BT has extended the range of its most popular ADSL services, which it said will make them available to an additional one million homes and businesses.
Following BT Wholesale trials in Milton Keynes, and rural areas around Fort William and Dingwall in the Scottish Highlands, BT is confident that a 512Kbps ADSL service can be provided to the vast majority of people beyond the former limit of 6km from the exchange.
As a result, the distance limit for the 512Kbps ADSL services will be removed from 6 September.
BT said that 99.8 per cent of lines connected to a broadband exchange should now be able to get a 512Kbps ADSL service, up from 96 per cent.
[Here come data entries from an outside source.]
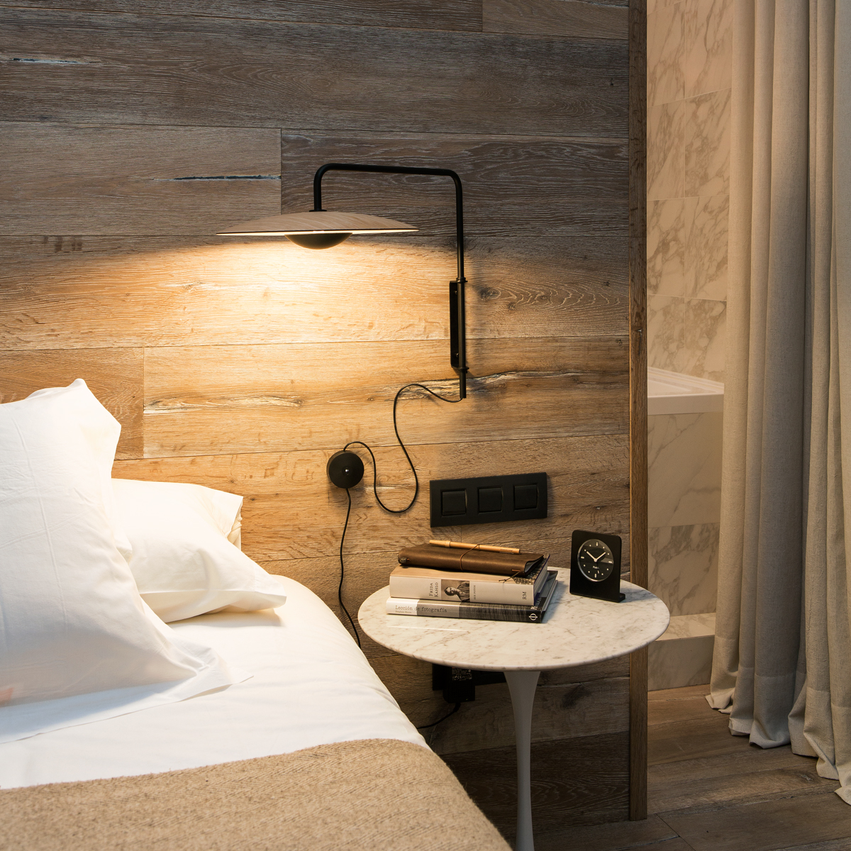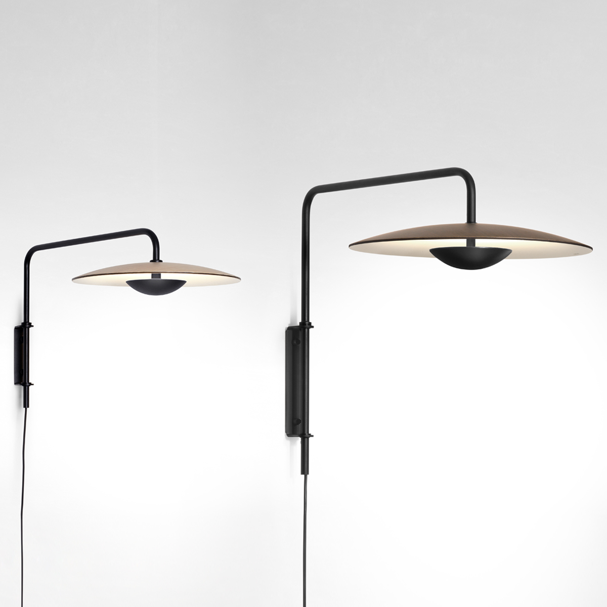 - Formschöne Wandleuchte mit Schirm aus Eiche oder Wenge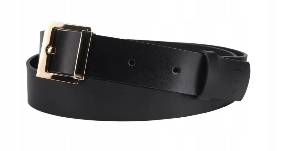 Wąski pasek zakończony masywną, zaokrągloną klamrą w złotym kolorze. Akcesorium wykonane z wysokojakościowej skóry naturalnej. Zakończone metalowym okuciem. Do regulacji sprzączka z siedmioma otworami kaletniczymi. Pasek zapakowany w markowe pudełko.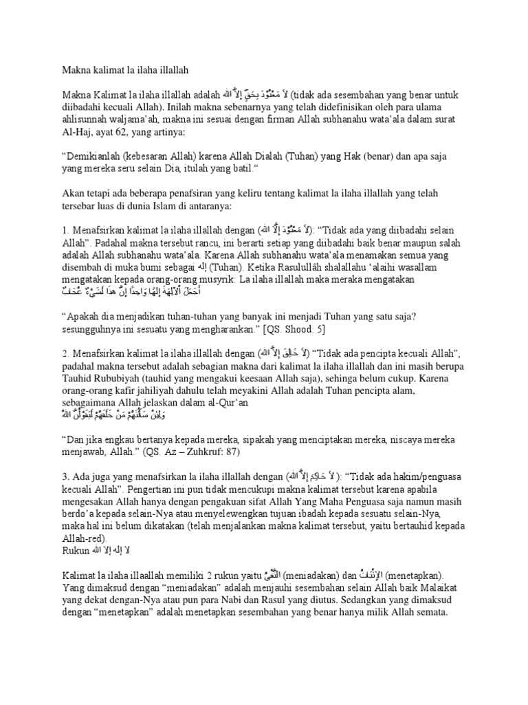B 9 Makna Makna Laa Ilaaha Illallah Rasmul Bayan Tarbiyah from rasmulbayantarbiyah.files.wordpress.com Artinya ucapan la ilaha illah yang bermakna ikrar kecintaan hanya kepada allah (tauhidullah) tidak akan bisa diwujudkan dalam kehidupan nyata kecuali dengan beriman kepada. This short dua also encompasses. Selain itu berikut adalah cara penulisan dari kalimat dibawah ini beserta artinya. Yaitu mengetahui makna kalimat iaa ilaha illallah dari segi nafi (peniadaan) dan itsbat (penetapan) dan mengetahui semua konsekuensinya. Dalam video tentang arti dari la ilaha illallah ini, anda akan mengenal lebih jauh mengenai la ilaha. Orang yang paling berbahagia dengan syafaat ku di hari kiamat kelak adalah orang yang berdzikir dengan la ilaha illallah secara murni dari kalbu atau jiwanya (musnad ahmad, ii:373. Significance of la ilaha illa anta subhanaka. Seorang muslim wajib tau akan hal ini:
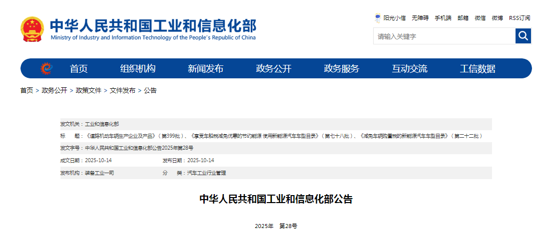根據《中華人民共和國行政許可法》、《國務院對確需保留的行政審批項目設定行政許可的決定》、《財政部 稅務總局 工業和信息化部 交通運輸部關于節能 新能源車船享受車船稅優惠政策的通知》(財稅〔2018〕74號)、《工業和信息化部 財政部 稅務總局關于調整享受車船稅優惠的節能 新能源汽車產品技術要求的公告》(2024年第10號)、《財政部 稅務總局 工業和信息化部 科技部關于免征新能源汽車車輛購置稅的公告》(2017年第172號)、《財政部 稅務總局 工業和信息化部關于延續和優化新能源汽車車輛購置稅減免政策的公告》(2023年第10號)、《工業和信息化部 財政部 稅務總局關于調整減免車輛購置稅新能源汽車產品技術要求的公告》(2023年第32號)等有關規定,現將許可的《道路機動車輛生產企業及產品》(第399批)以及經商國家稅務總局同意的《享受車船稅減免優惠的節約能源 使用新能源汽車車型目錄》(第七十八批)、《減免車輛購置稅的新能源汽車車型目錄》(第二十二批)予以公告。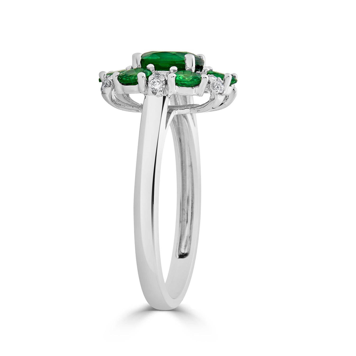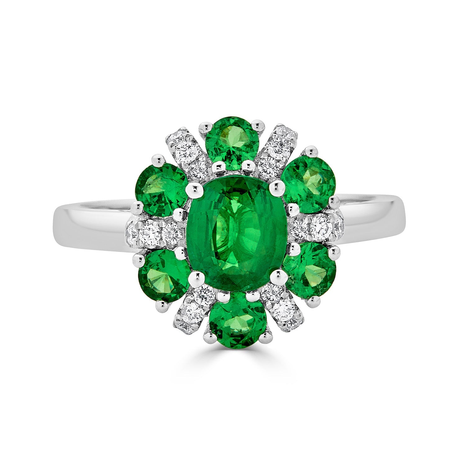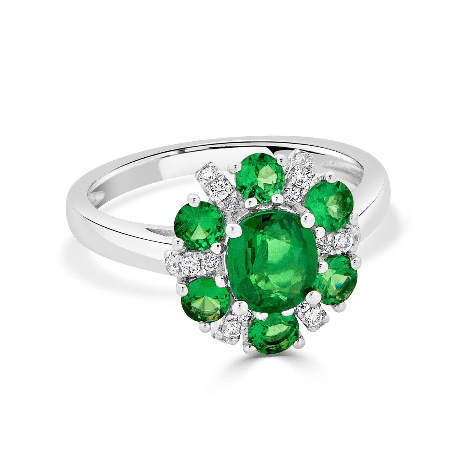 Styled of 14k white gold, this ring is themed in an interesting design that makes it a perfect style pick for both classic and modern look. The ring is set with oval cut Tsavorite and round Diamonds that mesmerizes you with the colors they reflect.

The telco is also increasing the range for its 1Mbps premium services from 4km to 6km, which it claimed will make them available to 96 per cent of homes and businesses connected to a broadband exchange.
BT chief broadband officer Alison Ritchie said in a statement: "By pushing the boundaries on broadband reach we are building on our exchange upgrade rollout programme which means the remaining gaps in the broadband Britain jigsaw are getting smaller and smaller."
Ritchie explained that ths move, coupled with BT's exchange upgrade programme, means that ADSL availability will stand at 99.4 per cent by next summer.
This figure is on a par with the percentage of homes that can get good quality analogue TV signals for the four main terrestrial channels.
To provide broadband services to around one in five people beyond the former limit will require a visit by a BT engineer to make modifications to wiring at the customer premises or to local BT network cabling. BT will not charge the customer for this.